Secrets should never be world-readable, even to users who are logged in to one of the hosts managed by this configuration. These are generally managed by agenix, allowing them to still be put in the nix store.

• Add a shell to the devShells output in flake.nix.

• Execute use_flake /path/to/repo#name-of-shell > .envrc to initialize the .envrc file.

• Execute direnv allow to load the .envrc file which in turn loads your environment.

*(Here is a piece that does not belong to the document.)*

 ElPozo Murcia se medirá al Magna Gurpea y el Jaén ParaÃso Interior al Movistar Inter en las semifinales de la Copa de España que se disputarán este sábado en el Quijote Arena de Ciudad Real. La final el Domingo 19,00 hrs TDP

1. Create three partitions:

   • Boot
   • Swap
   • ZFS

   For example:

   sgdisk -n 0:0:+512MiB -t 0:EF00 -c 0:boot $DISK
   sgdisk -n 0:0:+32GiB -t 0:8200 -c 0:swap $DISK
   sgdisk -n 0:0:0 -t 0:BF01 -c 0:ZFS $DISK

2. Configure swap and boot as usual.

3. Create ZPool:

   zpool create -O mountpoint=none -O encryption=aes-256-gcm -O keyformat=passphrase rpool $ZFS_PART

   Leave out -O encryption=aes-256-gcm -O keyformat=passphrase if you don't want to fully encrypt the ZFS partition.

4. Create datasets:

   zfs create -o mountpoint=legacy rpool/local/root
   zfs snapshot rpool/local/root@blank
   zfs create -o mountpoint=legacy rpool/local/nix
   zfs set compression=lz4 rpool/local/nix
   zfs create -o mountpoint=legacy rpool/local/cache
   zfs set compression=lz4 rpool/local/cache
   zfs create -o mountpoint=legacy rpool/safe/data
   zfs set compression=lz4 rpool/local/data

5. Mount datasets:

   mount -t zfs rpool/local/root /mnt
   mkdir /mnt/nix
   mount -t zfs rpool/local/nix /mnt/nix
   mkdir /mnt/boot
   mount $BOOT_PART /mnt/boot
   mkdir /mnt/cache
   mount -t zfs rpool/local/cache /mnt/cache
   mkdir /mnt/data
   mount -t zfs rpool/safe/data /mnt/data

6. Configure Host ID

   Set networking.hostid in the nixos config to head -c 8 /etc/machine-id.